_EXERCISE AIM_
Copy out again, unchanged, the listing below from the line that has "considera que a" through the line that has "Kuva 1. Selvitysalueen".

_GIVEN DATA_
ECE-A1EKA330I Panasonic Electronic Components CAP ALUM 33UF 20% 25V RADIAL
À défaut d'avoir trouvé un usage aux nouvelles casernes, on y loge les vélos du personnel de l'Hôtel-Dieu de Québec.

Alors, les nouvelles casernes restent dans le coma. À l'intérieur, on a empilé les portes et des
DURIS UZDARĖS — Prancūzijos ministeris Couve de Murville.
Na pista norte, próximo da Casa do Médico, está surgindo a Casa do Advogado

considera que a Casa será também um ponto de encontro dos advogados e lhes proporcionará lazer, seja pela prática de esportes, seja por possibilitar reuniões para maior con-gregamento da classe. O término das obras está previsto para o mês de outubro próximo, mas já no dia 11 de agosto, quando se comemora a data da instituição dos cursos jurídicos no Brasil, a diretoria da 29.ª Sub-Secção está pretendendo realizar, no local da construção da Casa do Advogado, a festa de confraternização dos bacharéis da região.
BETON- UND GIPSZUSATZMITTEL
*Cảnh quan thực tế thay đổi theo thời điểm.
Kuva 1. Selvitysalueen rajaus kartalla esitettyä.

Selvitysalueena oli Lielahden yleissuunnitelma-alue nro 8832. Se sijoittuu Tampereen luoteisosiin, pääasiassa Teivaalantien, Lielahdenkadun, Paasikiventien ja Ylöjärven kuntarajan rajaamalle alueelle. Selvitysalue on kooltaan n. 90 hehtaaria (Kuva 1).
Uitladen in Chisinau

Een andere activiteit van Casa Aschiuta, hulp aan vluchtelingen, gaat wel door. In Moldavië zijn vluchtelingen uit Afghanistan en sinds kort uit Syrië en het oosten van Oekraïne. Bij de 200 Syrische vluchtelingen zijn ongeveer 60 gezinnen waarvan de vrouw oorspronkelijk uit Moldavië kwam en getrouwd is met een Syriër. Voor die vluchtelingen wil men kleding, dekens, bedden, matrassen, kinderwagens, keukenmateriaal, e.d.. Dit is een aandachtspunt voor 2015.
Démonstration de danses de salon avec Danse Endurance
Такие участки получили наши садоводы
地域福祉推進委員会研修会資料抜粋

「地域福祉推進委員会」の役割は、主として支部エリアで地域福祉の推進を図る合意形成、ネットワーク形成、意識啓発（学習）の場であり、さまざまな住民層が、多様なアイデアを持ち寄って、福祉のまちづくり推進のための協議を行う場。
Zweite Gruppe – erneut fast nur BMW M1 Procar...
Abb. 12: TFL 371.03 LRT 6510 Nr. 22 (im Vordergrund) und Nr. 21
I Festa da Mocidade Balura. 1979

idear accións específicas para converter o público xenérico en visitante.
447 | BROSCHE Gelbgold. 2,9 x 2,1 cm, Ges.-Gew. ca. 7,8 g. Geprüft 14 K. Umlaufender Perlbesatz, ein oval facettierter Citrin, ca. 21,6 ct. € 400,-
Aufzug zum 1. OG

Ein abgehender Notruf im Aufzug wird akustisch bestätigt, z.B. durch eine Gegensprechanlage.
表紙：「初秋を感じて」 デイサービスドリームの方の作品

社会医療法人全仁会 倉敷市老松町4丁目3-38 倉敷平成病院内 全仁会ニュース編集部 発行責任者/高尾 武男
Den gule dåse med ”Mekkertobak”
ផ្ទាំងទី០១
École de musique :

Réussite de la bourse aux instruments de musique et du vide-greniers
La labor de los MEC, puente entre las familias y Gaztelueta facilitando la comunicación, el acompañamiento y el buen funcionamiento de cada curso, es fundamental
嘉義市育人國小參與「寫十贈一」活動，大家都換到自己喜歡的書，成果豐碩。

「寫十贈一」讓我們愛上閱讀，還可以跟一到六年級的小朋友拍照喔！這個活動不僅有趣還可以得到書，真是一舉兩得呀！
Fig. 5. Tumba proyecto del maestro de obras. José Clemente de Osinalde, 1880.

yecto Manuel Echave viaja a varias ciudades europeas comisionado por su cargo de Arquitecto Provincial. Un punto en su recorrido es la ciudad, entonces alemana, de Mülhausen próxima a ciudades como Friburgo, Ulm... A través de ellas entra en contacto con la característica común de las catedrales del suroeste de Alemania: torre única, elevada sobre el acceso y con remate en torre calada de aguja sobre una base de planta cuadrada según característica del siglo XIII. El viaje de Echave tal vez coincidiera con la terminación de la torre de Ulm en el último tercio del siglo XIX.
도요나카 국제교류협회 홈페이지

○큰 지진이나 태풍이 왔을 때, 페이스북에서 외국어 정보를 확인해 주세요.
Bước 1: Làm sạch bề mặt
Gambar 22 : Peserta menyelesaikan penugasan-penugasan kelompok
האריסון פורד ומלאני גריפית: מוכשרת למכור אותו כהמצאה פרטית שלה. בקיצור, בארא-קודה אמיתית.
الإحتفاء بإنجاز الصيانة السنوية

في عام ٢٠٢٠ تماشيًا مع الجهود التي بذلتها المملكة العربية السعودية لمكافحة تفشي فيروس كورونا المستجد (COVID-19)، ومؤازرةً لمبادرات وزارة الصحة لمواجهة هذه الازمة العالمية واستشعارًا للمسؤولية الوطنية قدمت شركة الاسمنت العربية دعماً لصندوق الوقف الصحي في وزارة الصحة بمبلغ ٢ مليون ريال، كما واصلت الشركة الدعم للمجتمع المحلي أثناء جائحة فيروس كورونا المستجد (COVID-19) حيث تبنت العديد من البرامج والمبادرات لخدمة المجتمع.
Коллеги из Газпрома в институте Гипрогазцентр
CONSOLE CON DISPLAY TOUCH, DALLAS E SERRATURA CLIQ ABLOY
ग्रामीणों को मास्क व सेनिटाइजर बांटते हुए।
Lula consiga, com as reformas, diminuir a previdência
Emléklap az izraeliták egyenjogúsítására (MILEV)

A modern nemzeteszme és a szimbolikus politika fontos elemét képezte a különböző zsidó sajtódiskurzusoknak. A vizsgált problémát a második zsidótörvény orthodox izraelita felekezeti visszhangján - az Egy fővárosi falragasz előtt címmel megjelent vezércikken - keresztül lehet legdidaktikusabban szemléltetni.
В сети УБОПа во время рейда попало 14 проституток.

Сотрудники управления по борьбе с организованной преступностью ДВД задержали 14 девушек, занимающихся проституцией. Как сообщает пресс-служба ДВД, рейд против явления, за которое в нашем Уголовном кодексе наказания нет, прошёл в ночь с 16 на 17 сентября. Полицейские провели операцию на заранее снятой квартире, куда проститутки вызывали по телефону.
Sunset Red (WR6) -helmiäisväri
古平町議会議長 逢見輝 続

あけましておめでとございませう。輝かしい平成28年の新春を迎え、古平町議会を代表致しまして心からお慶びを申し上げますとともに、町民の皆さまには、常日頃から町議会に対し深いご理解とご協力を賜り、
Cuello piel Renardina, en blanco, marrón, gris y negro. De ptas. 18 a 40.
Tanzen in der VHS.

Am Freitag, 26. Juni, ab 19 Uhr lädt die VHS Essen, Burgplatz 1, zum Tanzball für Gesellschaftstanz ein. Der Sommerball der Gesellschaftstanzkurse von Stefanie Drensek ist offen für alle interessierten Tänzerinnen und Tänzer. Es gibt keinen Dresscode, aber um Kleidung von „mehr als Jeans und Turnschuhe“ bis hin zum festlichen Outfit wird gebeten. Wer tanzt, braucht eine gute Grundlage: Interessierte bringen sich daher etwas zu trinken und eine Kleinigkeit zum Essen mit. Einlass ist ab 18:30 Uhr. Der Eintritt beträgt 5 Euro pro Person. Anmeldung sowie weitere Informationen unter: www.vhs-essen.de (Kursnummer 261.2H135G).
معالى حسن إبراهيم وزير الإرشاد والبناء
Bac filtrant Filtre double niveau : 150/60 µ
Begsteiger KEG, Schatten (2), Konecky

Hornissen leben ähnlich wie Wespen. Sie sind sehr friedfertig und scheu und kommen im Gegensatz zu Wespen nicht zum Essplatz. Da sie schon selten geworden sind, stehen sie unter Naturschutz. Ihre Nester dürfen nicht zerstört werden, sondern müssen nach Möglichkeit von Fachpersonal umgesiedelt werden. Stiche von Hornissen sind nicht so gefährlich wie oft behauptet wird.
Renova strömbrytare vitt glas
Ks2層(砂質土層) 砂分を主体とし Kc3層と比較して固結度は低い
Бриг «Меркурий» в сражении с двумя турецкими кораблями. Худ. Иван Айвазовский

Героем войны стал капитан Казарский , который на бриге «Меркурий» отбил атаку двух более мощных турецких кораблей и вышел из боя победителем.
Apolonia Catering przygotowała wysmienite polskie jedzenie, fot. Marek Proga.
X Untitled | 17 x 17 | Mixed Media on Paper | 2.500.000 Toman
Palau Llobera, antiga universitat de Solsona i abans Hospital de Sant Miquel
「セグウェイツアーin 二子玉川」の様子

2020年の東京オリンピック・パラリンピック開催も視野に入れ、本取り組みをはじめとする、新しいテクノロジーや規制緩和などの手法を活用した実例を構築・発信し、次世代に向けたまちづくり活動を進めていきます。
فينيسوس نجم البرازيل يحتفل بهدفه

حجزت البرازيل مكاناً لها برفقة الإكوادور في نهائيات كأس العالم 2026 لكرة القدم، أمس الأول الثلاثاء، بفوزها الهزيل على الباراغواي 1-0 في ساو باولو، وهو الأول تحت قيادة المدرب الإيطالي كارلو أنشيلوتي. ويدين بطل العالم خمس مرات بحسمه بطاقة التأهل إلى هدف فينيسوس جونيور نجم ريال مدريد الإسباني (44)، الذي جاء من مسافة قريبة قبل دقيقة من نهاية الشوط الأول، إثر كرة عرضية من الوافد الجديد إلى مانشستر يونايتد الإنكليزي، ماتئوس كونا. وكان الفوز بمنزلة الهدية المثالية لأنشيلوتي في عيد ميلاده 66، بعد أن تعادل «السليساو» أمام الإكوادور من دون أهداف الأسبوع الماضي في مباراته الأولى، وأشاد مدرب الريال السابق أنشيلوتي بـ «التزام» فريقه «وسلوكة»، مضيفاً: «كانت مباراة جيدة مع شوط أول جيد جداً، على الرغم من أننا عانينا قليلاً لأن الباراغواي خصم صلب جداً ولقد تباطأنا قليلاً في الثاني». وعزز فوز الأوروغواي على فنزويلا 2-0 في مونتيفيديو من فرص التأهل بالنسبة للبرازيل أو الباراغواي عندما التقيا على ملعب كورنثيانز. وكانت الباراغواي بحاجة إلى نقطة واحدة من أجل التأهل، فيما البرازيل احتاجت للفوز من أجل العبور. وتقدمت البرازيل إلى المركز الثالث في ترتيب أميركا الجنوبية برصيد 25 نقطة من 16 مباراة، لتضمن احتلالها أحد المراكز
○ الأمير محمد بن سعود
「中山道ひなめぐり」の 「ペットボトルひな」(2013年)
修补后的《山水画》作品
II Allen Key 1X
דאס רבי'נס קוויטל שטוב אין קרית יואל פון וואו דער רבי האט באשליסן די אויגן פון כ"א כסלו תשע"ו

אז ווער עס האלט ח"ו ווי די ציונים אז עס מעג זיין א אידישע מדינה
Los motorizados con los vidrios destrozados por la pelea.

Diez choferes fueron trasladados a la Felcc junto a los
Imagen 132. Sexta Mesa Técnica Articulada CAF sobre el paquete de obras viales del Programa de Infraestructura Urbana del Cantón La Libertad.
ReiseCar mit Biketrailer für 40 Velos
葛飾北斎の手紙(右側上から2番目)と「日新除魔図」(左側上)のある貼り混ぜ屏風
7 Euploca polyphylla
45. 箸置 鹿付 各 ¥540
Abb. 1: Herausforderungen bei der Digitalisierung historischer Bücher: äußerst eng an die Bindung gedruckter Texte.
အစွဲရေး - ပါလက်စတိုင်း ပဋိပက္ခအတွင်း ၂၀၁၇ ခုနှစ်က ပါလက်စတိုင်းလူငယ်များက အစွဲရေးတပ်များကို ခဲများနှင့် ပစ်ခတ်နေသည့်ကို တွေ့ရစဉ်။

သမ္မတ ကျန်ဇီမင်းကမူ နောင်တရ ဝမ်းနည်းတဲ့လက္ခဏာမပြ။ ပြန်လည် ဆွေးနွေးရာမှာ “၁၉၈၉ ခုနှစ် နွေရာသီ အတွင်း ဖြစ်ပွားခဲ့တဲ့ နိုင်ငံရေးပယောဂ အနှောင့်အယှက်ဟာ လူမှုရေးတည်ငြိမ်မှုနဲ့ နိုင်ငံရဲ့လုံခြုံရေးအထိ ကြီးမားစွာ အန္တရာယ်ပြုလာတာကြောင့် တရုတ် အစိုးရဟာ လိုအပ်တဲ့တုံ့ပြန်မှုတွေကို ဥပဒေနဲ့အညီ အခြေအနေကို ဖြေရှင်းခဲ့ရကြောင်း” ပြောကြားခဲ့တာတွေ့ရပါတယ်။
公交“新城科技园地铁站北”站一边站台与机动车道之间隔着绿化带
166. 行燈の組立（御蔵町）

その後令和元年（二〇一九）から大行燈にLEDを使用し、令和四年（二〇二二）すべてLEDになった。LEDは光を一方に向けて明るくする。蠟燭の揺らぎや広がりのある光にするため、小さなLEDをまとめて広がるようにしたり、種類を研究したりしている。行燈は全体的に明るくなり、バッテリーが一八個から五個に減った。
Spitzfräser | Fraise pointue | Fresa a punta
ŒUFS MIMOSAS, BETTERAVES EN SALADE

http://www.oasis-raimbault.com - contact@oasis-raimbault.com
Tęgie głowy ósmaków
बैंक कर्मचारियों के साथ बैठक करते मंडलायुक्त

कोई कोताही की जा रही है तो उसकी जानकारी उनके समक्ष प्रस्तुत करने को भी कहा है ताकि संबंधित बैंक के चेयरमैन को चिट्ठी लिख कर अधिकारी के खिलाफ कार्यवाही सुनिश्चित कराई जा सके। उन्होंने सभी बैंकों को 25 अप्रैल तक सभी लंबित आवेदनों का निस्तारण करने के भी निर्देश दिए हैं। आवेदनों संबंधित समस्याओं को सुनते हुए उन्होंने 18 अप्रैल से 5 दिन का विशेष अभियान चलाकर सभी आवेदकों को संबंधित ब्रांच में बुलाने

_PROBLEM SOLUTION_
considera que a Casa será também um ponto de encontro dos advogados e lhes proporcionará lazer, seja pela prática de esportes, seja por possibilitar reuniões para maior con-gregamento da classe. O término das obras está previsto para o mês de outubro próximo, mas já no dia 11 de agosto, quando se comemora a data da instituição dos cursos jurídicos no Brasil, a diretoria da 29.ª Sub-Secção está pretendendo realizar, no local da construção da Casa do Advogado, a festa de confraternização dos bacharéis da região.
BETON- UND GIPSZUSATZMITTEL
*Cảnh quan thực tế thay đổi theo thời điểm.
Kuva 1. Selvitysalueen rajaus kartalla esitettyä.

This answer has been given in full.